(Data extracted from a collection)
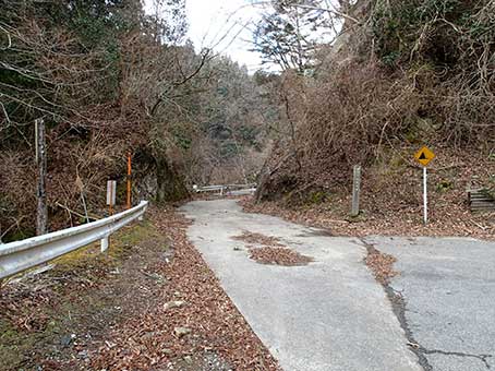 | 崩落地だがトレースがしっかりある | 林道の三叉路 |
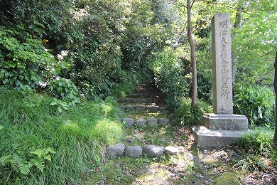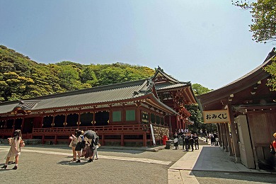 西行は文治2年(1186)8月15日鎌倉の地に足を踏み入れた。西行(69歳)が鳥居の周辺を徘徊していると、参詣のため八幡宮を訪れていた頼朝が目に留めて、梶原景秀に質問させると、西行本人とわかった、頼朝は「参詣後に会いたい」と西行に伝える。
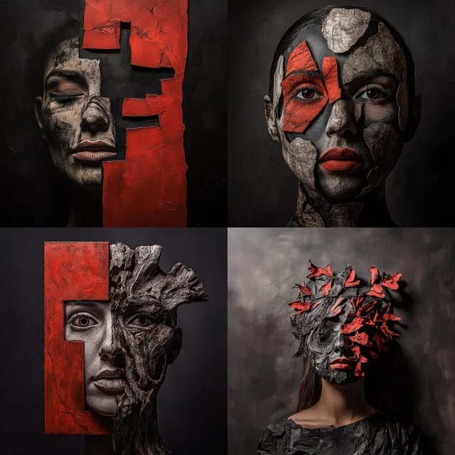 Этот стиль отличается богатым сочетанием текстур и скульптурных форм. Он создаёт яркие контрасты и символические образы. Постоянная красно-чёрная палитра усиливает сюрреалистичную и таинственную атмосферу. Фрагментарные композиции и органические формы вызывают ощущение исследования идентичности и культурных мотивов.
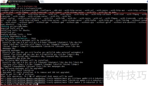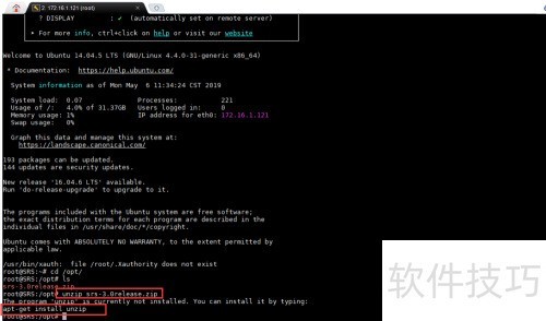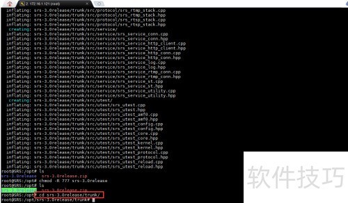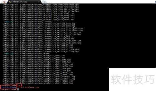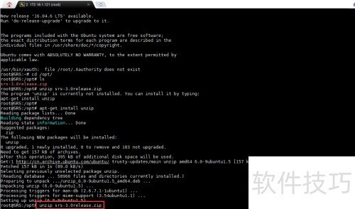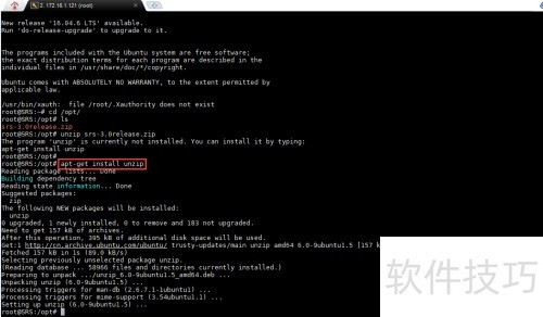 16、 通过apt-get install unzip命令安装unzip工具,随后执行unzip srs-3.0release.zip命令,将srs-3.0release.zip压缩文件解压到当前目录,完成解压操作以便进行后续的文件处理与使用。
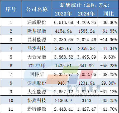 在统计的11家主产业链头部企业中聚宏鑫操盘,数字新能源DataBM.com梳理出了61位高管薪酬变化情况。由于TCL中环(002129)董事长李东升、晶科能源董事长李仙德以及阿特斯董事长瞿晓铧均不在上市公司领取报酬,故不在此次梳理范围。
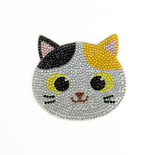 「ダイヤモンドフィックス」のかわいい猫のコースターキット。ノリ付きキャンバスに専用ビーズを貼るだけなので、手芸初心者の方でも楽しみながら取り組んでいただけます。裏面にコルクシールを貼れば、コースターとしてお使いいただけます。
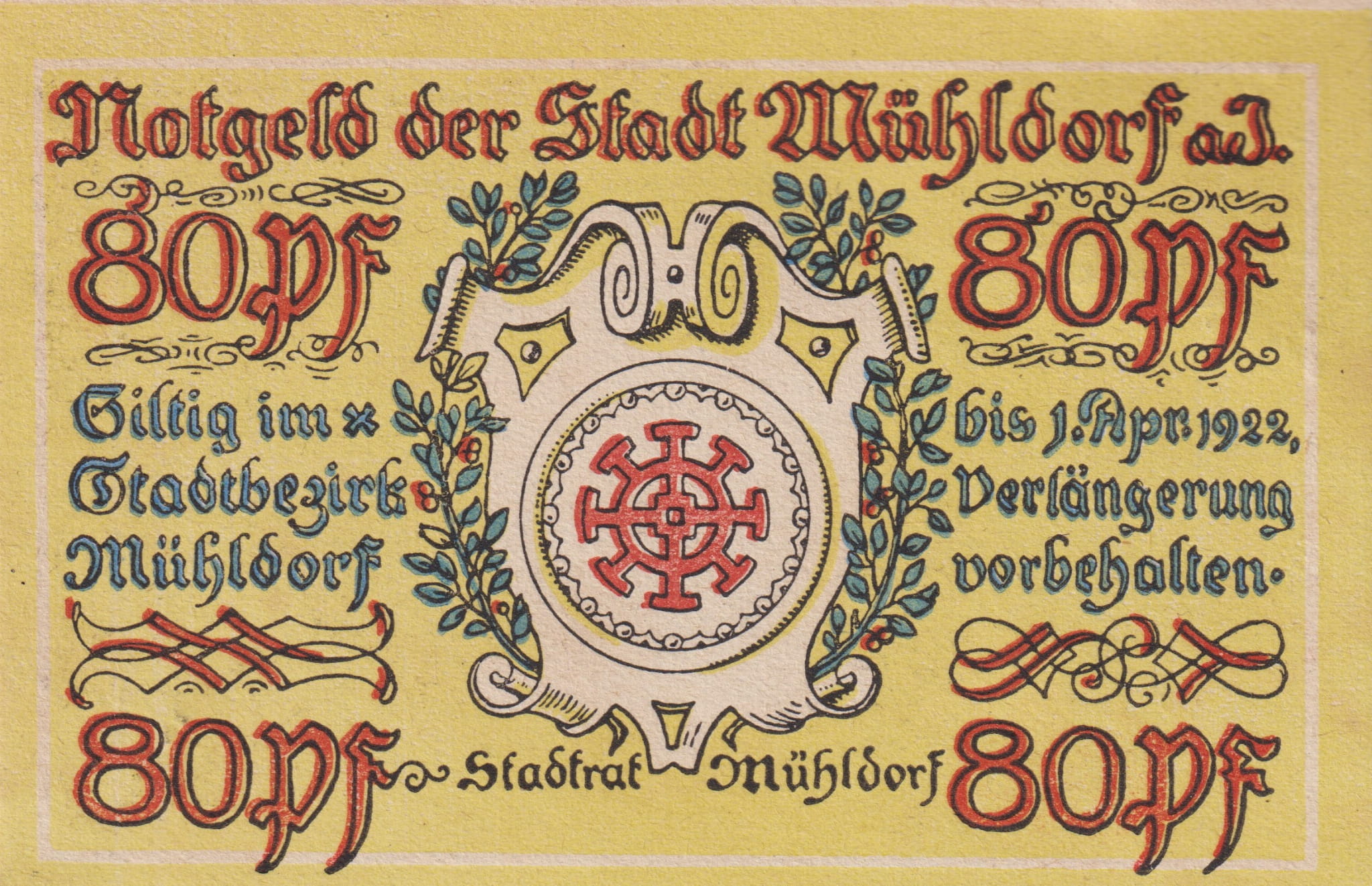 Muhldorf 80 Pf G-904.1 1.4.1922 AU/UNC
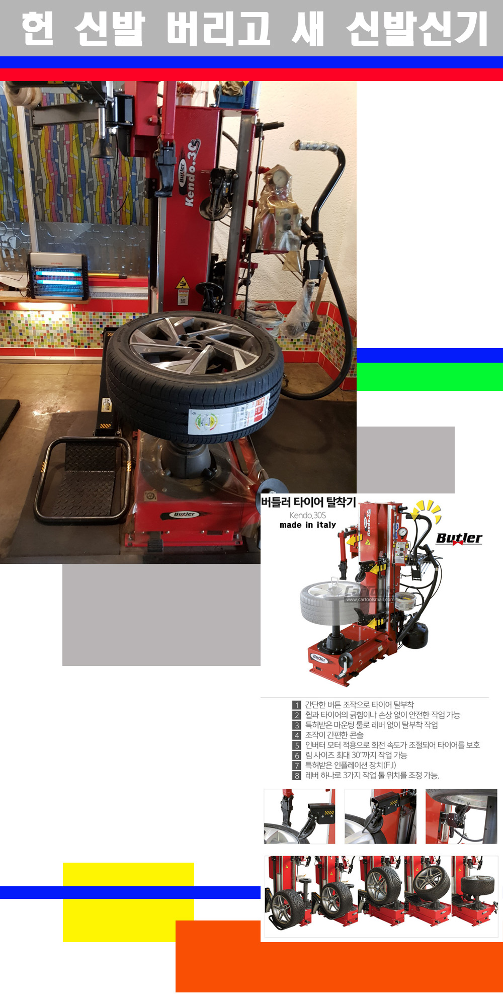 이태리 버틀러사의 켄도3.0S는 휠과 타이어와 조립과 분리시 전혀 제품에 손상을 주지않는 탈착기로 특히 센터락방식(중앙에서 휠를 고정하는 방식)이여서 휠의 중앙부위 잡아서 타이어를 탈부착하고 이후 상하롤러로 타이어를 탈부착합니다 특히 유니포미티작업(휠의 가장가벼운부분과 타이어의 가장 무거운부분을 매칭시키는 작업)시 작업자가 타이어를 정확한 지점에 휠과 매칭시킬수 있는 장점도 있습니다 유니포미티작업 불량시 과도한 진동값으로 핸들링불안 승차감저하 과도한 노면의 충격흡수를 가져와 주행감성을 해치는 첫번째 이유입니다 하지만 이런 작업을 무시하고 그냥 정적인 휠발란스작업만 하는것이 현실입니다 보통 타이어가격만 생각하시고 장착을 하시는데 꼭 이런 부분까지 챙길수 있는 샵을 권장합니다
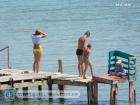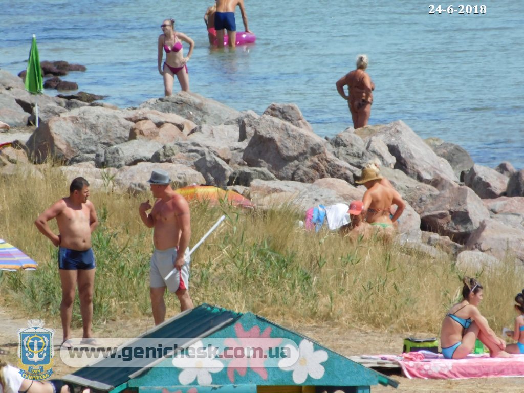 В Геническе пляж под горой (на камушках)
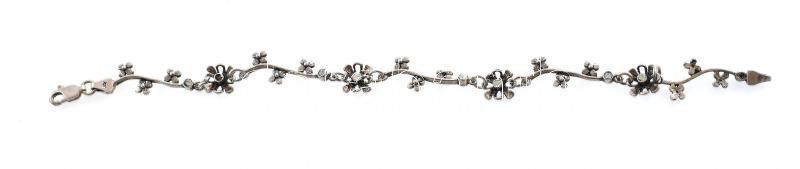 Leírás: Ezüst (Ag) virágos karlánc, kövekkel ékítve, jelzett, h:20cm, bruttó:9,1g
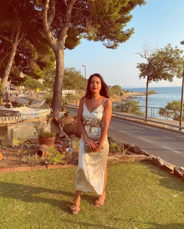 Robe longue satiné à fines bretelles Kiabi Taille S Porté seulement une seule fois donc très bon état #robesoirée #robesatinee #robelongueete Vendu sans le foulard

— Aim of the task —
The data needs to be reproduced exactly, please, apart from its pictures.

— Your response —
 | 崩落地だがトレースがしっかりある | 林道の三叉路 |
 西行は文治2年(1186)8月15日鎌倉の地に足を踏み入れた。西行(69歳)が鳥居の周辺を徘徊していると、参詣のため八幡宮を訪れていた頼朝が目に留めて、梶原景秀に質問させると、西行本人とわかった、頼朝は「参詣後に会いたい」と西行に伝える。
 Этот стиль отличается богатым сочетанием текстур и скульптурных форм. Он создаёт яркие контрасты и символические образы. Постоянная красно-чёрная палитра усиливает сюрреалистичную и таинственную атмосферу. Фрагментарные композиции и органические формы вызывают ощущение исследования идентичности и культурных мотивов.
 16、 通过apt-get install unzip命令安装unzip工具,随后执行unzip srs-3.0release.zip命令,将srs-3.0release.zip压缩文件解压到当前目录,完成解压操作以便进行后续的文件处理与使用。
 在统计的11家主产业链头部企业中聚宏鑫操盘,数字新能源DataBM.com梳理出了61位高管薪酬变化情况。由于TCL中环(002129)董事长李东升、晶科能源董事长李仙德以及阿特斯董事长瞿晓铧均不在上市公司领取报酬,故不在此次梳理范围。
 「ダイヤモンドフィックス」のかわいい猫のコースターキット。ノリ付きキャンバスに専用ビーズを貼るだけなので、手芸初心者の方でも楽しみながら取り組んでいただけます。裏面にコルクシールを貼れば、コースターとしてお使いいただけます。
 Muhldorf 80 Pf G-904.1 1.4.1922 AU/UNC
 이태리 버틀러사의 켄도3.0S는 휠과 타이어와 조립과 분리시 전혀 제품에 손상을 주지않는 탈착기로 특히 센터락방식(중앙에서 휠를 고정하는 방식)이여서 휠의 중앙부위 잡아서 타이어를 탈부착하고 이후 상하롤러로 타이어를 탈부착합니다 특히 유니포미티작업(휠의 가장가벼운부분과 타이어의 가장 무거운부분을 매칭시키는 작업)시 작업자가 타이어를 정확한 지점에 휠과 매칭시킬수 있는 장점도 있습니다 유니포미티작업 불량시 과도한 진동값으로 핸들링불안 승차감저하 과도한 노면의 충격흡수를 가져와 주행감성을 해치는 첫번째 이유입니다 하지만 이런 작업을 무시하고 그냥 정적인 휠발란스작업만 하는것이 현실입니다 보통 타이어가격만 생각하시고 장착을 하시는데 꼭 이런 부분까지 챙길수 있는 샵을 권장합니다
 В Геническе пляж под горой (на камушках)
 Leírás: Ezüst (Ag) virágos karlánc, kövekkel ékítve, jelzett, h:20cm, bruttó:9,1g
 Robe longue satiné à fines bretelles Kiabi Taille S Porté seulement une seule fois donc très bon état #robesoirée #robesatinee #robelongueete Vendu sans le foulard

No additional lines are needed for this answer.